Восторгам в ответном письме не было конца. Некоторые идиомы мне пришлось просить перевести друзей из иняза. Смысл заключался в следующем: на одной из открыток был сфотографирован дом близких родственников нашего немецкого нового друга, в котором ему часто приходилось бывать и отдыхать. Штольц писал: «Наверное, эти старинные открытки Вы купили в антикварном магазине, я понимаю, как это дорого, и готов компенсировать Ваши затраты».
Вот уж простота – хуже воровства.

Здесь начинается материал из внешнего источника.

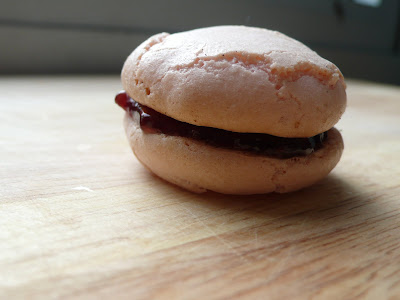 These raspberry macaroons look far better than they tasted. I love a good macaron, and this is not one of them. The recipe called for the delicate little cookies to be filled with store bought raspberry jam. I knew up front that that couldn't be a formula for success, and I had the best intentions of making my own raspberry filling. I had the ingredients in hand but at the critical moment -- which had to have been about 11 PM on Wednesday night -- I wimped out. All the talk of food mills and pectin and candy thermometers was too much for me. I used store bought jam instead, and the final product turned out sickly-sweet and only weakly reminiscent of raspberries.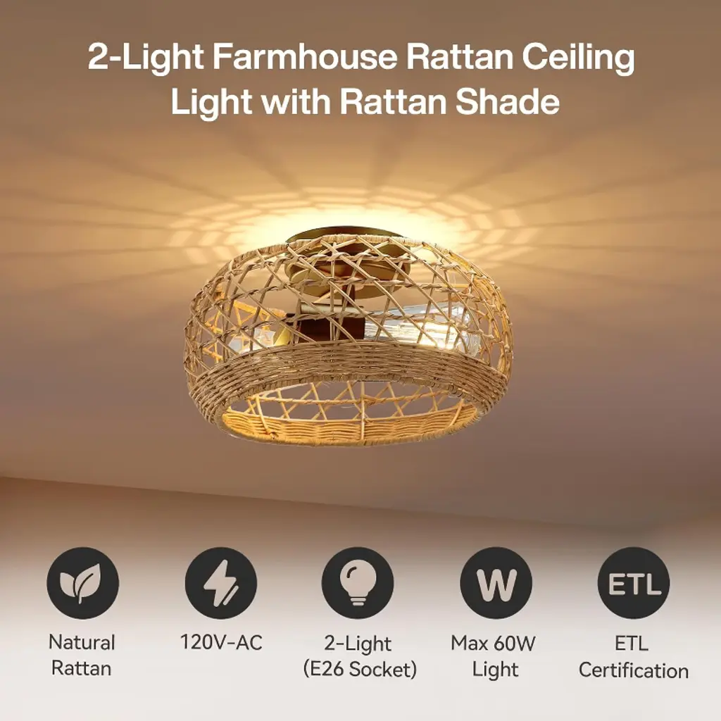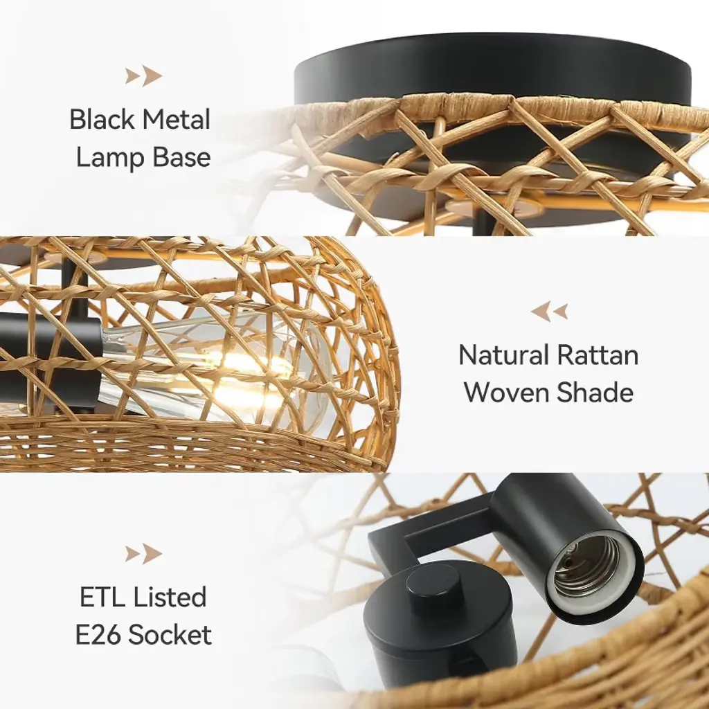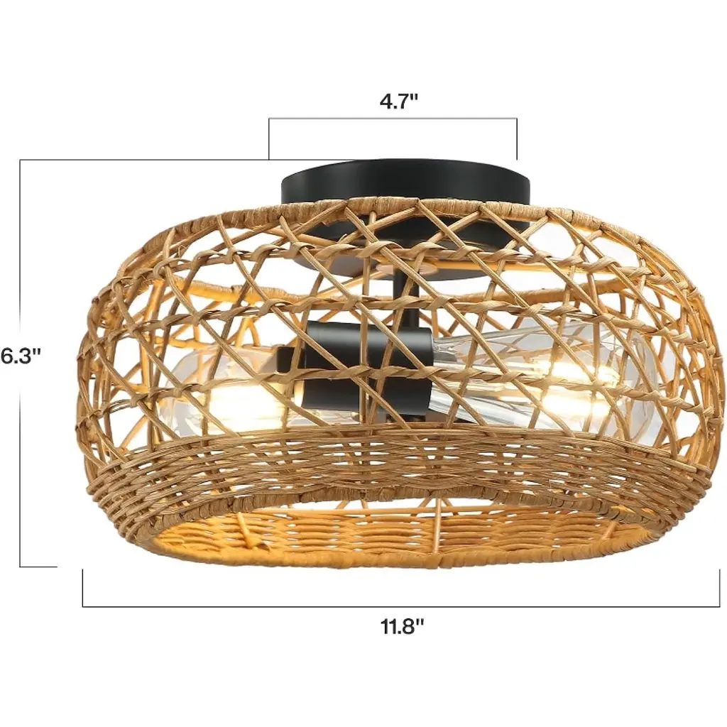 This flush mount ceiling light features a black frame with a rattan shade. The hollow design enables it to emit 360° beautiful light shadow, creating a bohemian atmosphere. It's perfect for creating a warm vibe in your home. This boho flush mount ceiling light is compatible with 2 E26 bulbs (Max. 60W), such as incandescent, LED, CFL and halogen bulbs. You can choose different bulbs depending on the lighting effects you want. Designed to elevate living rooms, bedrooms, dining areas, hallways and home offices, this rattan chandelier blends seamlessly into any indoor space.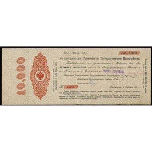 <style type="text/css"> body, td, th { font-family: Arial, Helvetica, sans-serif; font-size: 12px; color: #482424; margin: 0px; padding: 0px; } #header { background-image: url(http://www.bowersandmerena.com/ebay/images/template_v3_01.gif); clear: both; background-color: #590303; border-top-width: 2px; border-top-style: solid; border-top-color: #B38C4F; } #header #header_wrapper { height: 75px; clear: both; width: 800px; margin-right: auto; margin-left: auto; background-image: url(http://www.bowersandmerena.com/ebay/images/template_v3_03.gif); background-repeat: no-repeat; background-position: right; color: #F3EDCC; } #header #header_wrapper #header_logo { float: left; height: 75px; width: 444px; background-image: url(http://www.bowersandmerena.com/ebay/images/template_v3_02.gif); background-repeat: no-repeat; font-size: 10px; text-transform: capitalize; color: #B38C4F; } #header #header_wrapper #header_right { float: left; height: 75px; width: 356px; text-align: right; } #header #header_wrapper #header_right #headerLoginBtn { margin-bottom: 30px; } #header #header_wrapper #header_right input#txtSearch { color: #B49056; border: 1px solid #B49056; width: 175px; padding-top: 3px; padding-right: 3px; padding-bottom: 4px; padding-left: 3px; } #nav { height: 37px; background-image: url(http://www.bowersandmerena.com/ebay/images/template_v3_05.gif); clear: both; } #nav #nav_wrapper { height: 35px; width: 800px; margin-right: auto; margin-left: auto; border-left-width: 1px; border-left-style: solid; border-left-color: #B38C4F; } #nav #nav_wrapper a { padding-right: 15px; padding-left: 15px; border-right-width: 1px; border-right-style: solid; border-right-color: #B38C4F; height: 25px; padding-top: 10px; display: block; float: left; text-decoration: none; font-weight: bold; color: #5D0303; } #nav #nav_wrapper a:hover { color: #B38C4F; } #nav #nav_wrapper #search { float: right; padding-top: 7px; } #nav #nav_wrapper #search #txtSearch { font-family: Arial, Helvetica, sans-serif; font-size: 10px; text-transform: uppercase; color: #D2AE75; border: 1px solid #B38C4F; padding: 3px; } #content_bgd { background-image: url(http://www.bowersandmerena.com/ebay/images/template_v3_09.gif); background-repeat: repeat-y; background-position: center; padding-top: 15px; padding-bottom: 15px; background-color: #FBFBDB; } #content_wrapper { clear: both; height: auto; width: 800px; margin-right: auto; margin-left: auto; } .LotDetailWhite { line-height:normal; font-size:13px; font-family: arial,helvetica,sans-serif; color: White; font-weight: bold; } .LotDetailInformation { line-height:normal; font-size: 13px; font-family: arial,helvetica,sans-serif; } .LotDetailMessage { line-height:normal; font-size: 13px; font-family: arial,helvetica,sans-serif; color: red; } } tr.HeaderAuctionTitle td { color: #000000; font-weight: bold; padding: 2px; background-image: url(http://www.bowersandmerena.com/ebay/images/template_v3_05.gif); background-repeat: repeat-x; border-bottom-width: 1px; border-bottom-style: solid; border-bottom-color: #B38C4F; } table.AuctionSummary a, table.AuctionSummary a:link, table.AuctionSummary a:visited { color: #0000FF; text-decoration: none; } } td.tableHeaderLeft { border-left-width: 1px; border-left-style: solid; border-left-color: #B38C4F; } td.tableHeaderRight { border-right-width: 1px; border-right-style: solid; border-right-color: #B38C4F; } td.tableCellMiddle { border-left-width: 1px; border-left-style: solid; border-left-color: #B38C4F; border-right-width: 1px; border-right-style: solid; border-right-color: #B38C4F; padding: 5px; } tr.footer td { border-top-width: 1px; border-top-style: solid; border-top-color: #B38C4F; } </style> </head> <body> <div id="header"> <div id="header_wrapper"> <div id="header_logo"> </div> <div id="header_right"> </div> </div> </div> <div id="nav"> <div id="nav_wrapper"> <a href="http://www.bowersandmerena.com">Our eBayLive Auctions</a> <a href="#PaymentInfo">Payment Information</a> <a href="#ShippingInfo">Shipping Information</a> <a href="#About">About Bowers and Merena</a> </div> </div> <div id="content_bgd"> <div id="content_wrapper"> <table width="100%" border="0" cellpadding="5" cellspacing="0" class="AuctionSummary"> <tbody> <tr class="HeaderAuctionTitle" style="height: 25px;"> <td align="left" class="tableHeaderLeft" > </td> <td align="center" class="tableHeaderRight"> <span style="font-size: large;">Lot #2590. Imperial Russia. State Treasury 5% Short Term Obligations, 1916-17 Issue.</span> </td> </tr> <tr> <td colspan="3" class="tableCellMiddle"> 1917 (1918), 10,000 Rubles (12 month), P-31N, XF+ to AU condition. Serial # 0064. Attractive and scarce in high grade.

Надо мне было дождаться супругу – посмеялись бы, придумали бы с ней чего-нибудь этакое безобидное, а получилось, что наша дружба оборвалась, не успев завязаться.

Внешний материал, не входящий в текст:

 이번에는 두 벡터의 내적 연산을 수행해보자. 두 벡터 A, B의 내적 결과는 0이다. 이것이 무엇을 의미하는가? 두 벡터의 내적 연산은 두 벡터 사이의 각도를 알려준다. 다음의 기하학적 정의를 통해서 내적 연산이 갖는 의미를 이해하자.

Я просто и по-русски (он же изучает русский язык) ответил:
«Дорогой Штольц!
Мой отец прошел пол-Европы и везде, во всех городах, которые они освобождали от фрицев, во всех домах на полу валялись такие замечательные фотокарточки. Он их подбирал и слал домой своей маме. У меня этих карточек полный ящик письменного стола. Жму руку, Олег».
Зидан забил гол
«В Кракове встречаемся с англичанами и американцами, это военнопленные… Один из Туниса (Африка) объясняет, что с Роммелем воевал в 41-м году».
(Из письма отца 5.03.45)
Развернувшись веером из дюжины машин, мы мчались на белых «лендкрузерах-сотках» по песчано-каменистому участку Сахары по направлению к маленькому городку Дуз, расположенному в самом сердце великой пустыни.
После каждого мельчайшего приступочка машина пролетала по воздуху несколько десятков метров, и как водители этих агрегатов умудрялись не сталкиваться друг с другом, одному Богу известно: ревущие, они расходились буквально в метре друг от друга. Наши спутницы визжали и причитали при каждом полёте:
– Я сейчас описаюсь!
– Я уже!
И мы им верили. Мне думалось, что если остановимся – я выйду, куплю самого паршивого верблюда и поеду дальше на нём. По всей вероятности, наши дамы, так же, как и я, удовольствия от поездки не получали.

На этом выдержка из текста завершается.